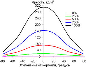 Графики показывают, что яркость экрана плавно падает при отклонении от нормали к экрану, при этом графики полутонов не пересекают друг друга, а контрастность изображения остается достаточно большой, вплоть до ±78 градусов (156 в сумме) отклонения от перпендикуляра к экрану.
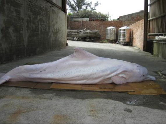 台灣第三隻成功辨識的白海豚,編號TW-03,綽號T先生,2009年9月被發現擱淺、死亡。(資訊、照片皆由台灣媽祖魚保育聯盟提供)
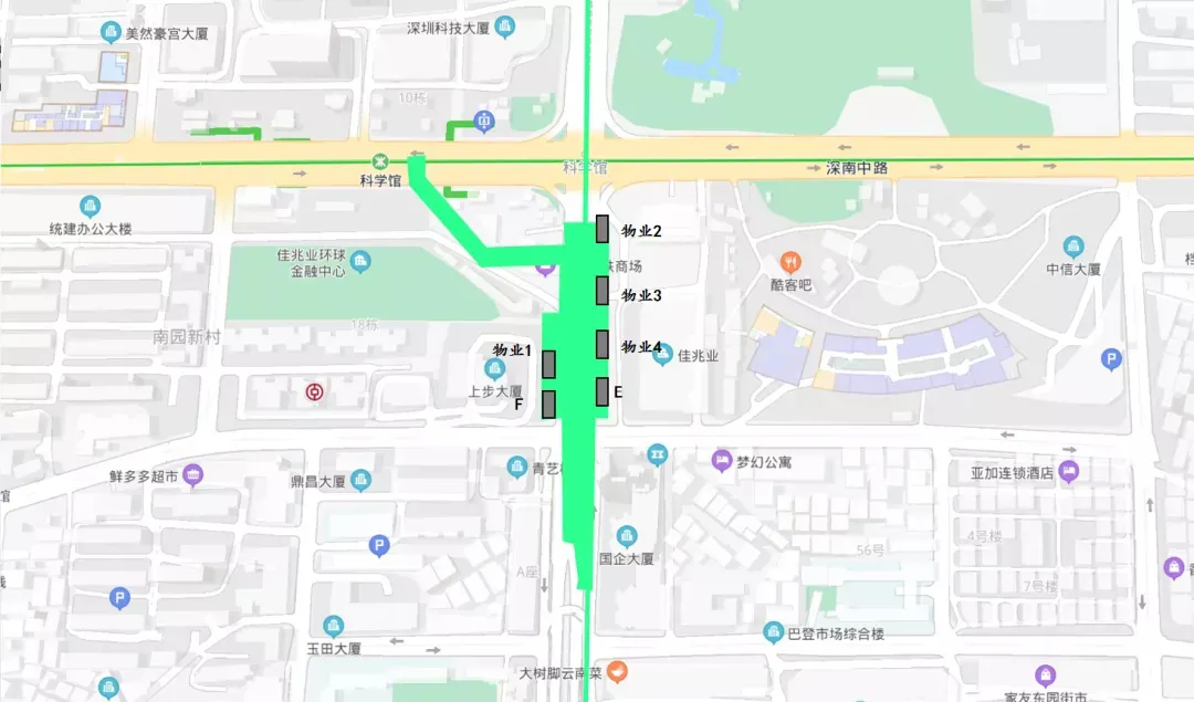 其中,E口位于上步路東側(cè)并朝向南園路;物業(yè)1口位于物業(yè)層,靠近上步大廈;物業(yè)2口、物業(yè)3口位于物業(yè)層,靠近平安銀行;F口位于上步路西側(cè)并朝向南園路;物業(yè)4口位于物業(yè)層,靠近佳兆業(yè)大廈。

TASK STATEMENT:
The result should be the same data as above, line for line, with the pictures gone.

REPLY TO THE TASK:
 Графики показывают, что яркость экрана плавно падает при отклонении от нормали к экрану, при этом графики полутонов не пересекают друг друга, а контрастность изображения остается достаточно большой, вплоть до ±78 градусов (156 в сумме) отклонения от перпендикуляра к экрану.
 台灣第三隻成功辨識的白海豚,編號TW-03,綽號T先生,2009年9月被發現擱淺、死亡。(資訊、照片皆由台灣媽祖魚保育聯盟提供)
 其中,E口位于上步路東側(cè)并朝向南園路;物業(yè)1口位于物業(yè)層,靠近上步大廈;物業(yè)2口、物業(yè)3口位于物業(yè)層,靠近平安銀行;F口位于上步路西側(cè)并朝向南園路;物業(yè)4口位于物業(yè)層,靠近佳兆業(yè)大廈。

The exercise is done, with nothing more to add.